My work, though challenging, is pretty amazing. The past couple of weeks, once I stopped waiting for some Big Answer to write itself across the sunny Tucson skies, I’ve really started to enjoy my work days. I find myself working on the weekends again, despite my Solemn Vow when I got sober that I would “no longer do paid labor on weekends” — I’m a teacher. This work is my life. This work is the work I love. I can’t simply “put it away on the weekend” as one might a retail position, and according to everything I’m hearing from the corporate world, the line between “work” and “home” has been totally obscured.

Even though my profession is so different, even though the educational landscape is so changed, the young people are still there, waiting on us adults to show up and impart to them what we can, that might alleviate their human suffering (some of which we do not and cannot ever know), and help them prevent the preventable human sufferings, and make them feel, most days, that though difficult, this life is an important, unlikely, fragile gift we have been given. And it is.

In some respects, my work is entirely about today. I wrote all day. Well, I tidied up my home office, showered, drank coffee, attended a Super Secret Alcohol Abuse Meeting, and then I wrote all day. Today was all about what I wanted to do, but I can never get here, to a Self-Care-Saturday (I just made myself throw up in my own mouth a little), unless I face the needs of my life first.

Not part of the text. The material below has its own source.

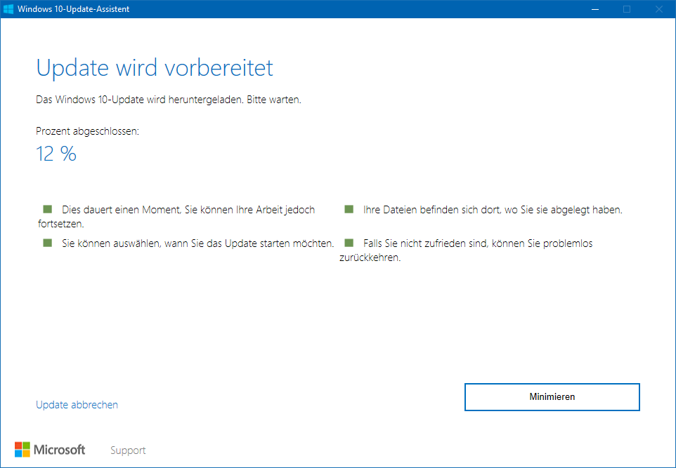 Der Assistent prüft dann, ob alle Voraussetzungen für das Update erfüllt sind und beginnt mit dem Herunterladen und Überprüfen der Daten. Währendessen können Sie das Fenster minimieren und ganz normal mit Ihrem PC weiterarbeiten.

And presently, the needs are pretty big and weighty. Getting them all met is often a struggle. And then there are weeks, like this one, when I did everything (except one minor thing) that I needed to do to be a decent and decently responsible human being, and so I was given this beautiful Saturday to take care of myself, to play with thoughts and words instead of teach their foundations and functions. And though I’m not paper-money rich, I sure know a lot of amazing people, and I have a job I love. Yes it’s messy. Yes it’s difficult. Yes this year in American public education sometimes feels like a Cosmic Joke at best, and a Sadistic Experiment, at worst, but what else would I be doing? Crying about how shitty it is to have cancer? Worrying about COVID? Buy season tickets to the show where the Democrat and Republican Parties devour each other on the public stage?

I want to write, and I want to teach.
At present, though the not most paper-money lucrative, I am able to do this work. For today, my soul is satisfied, Sarah is on her way home with Trader Joe’s goodies (really, we probably did move here for access to Trader Joe’s), and Abe needs his next walk. Which I will not write about, but may post (as I often do because walks can be boring to me) on my Instagram account which you can follow me on if that means something to you.

End of the walk: I throw out a bag of poop, maybe talk to a few neighbors, go back in the house and try to do things that are good for my body and soul. To quote Vonnegut (but really was he the “first” person to ever say this?), “And so it goes.”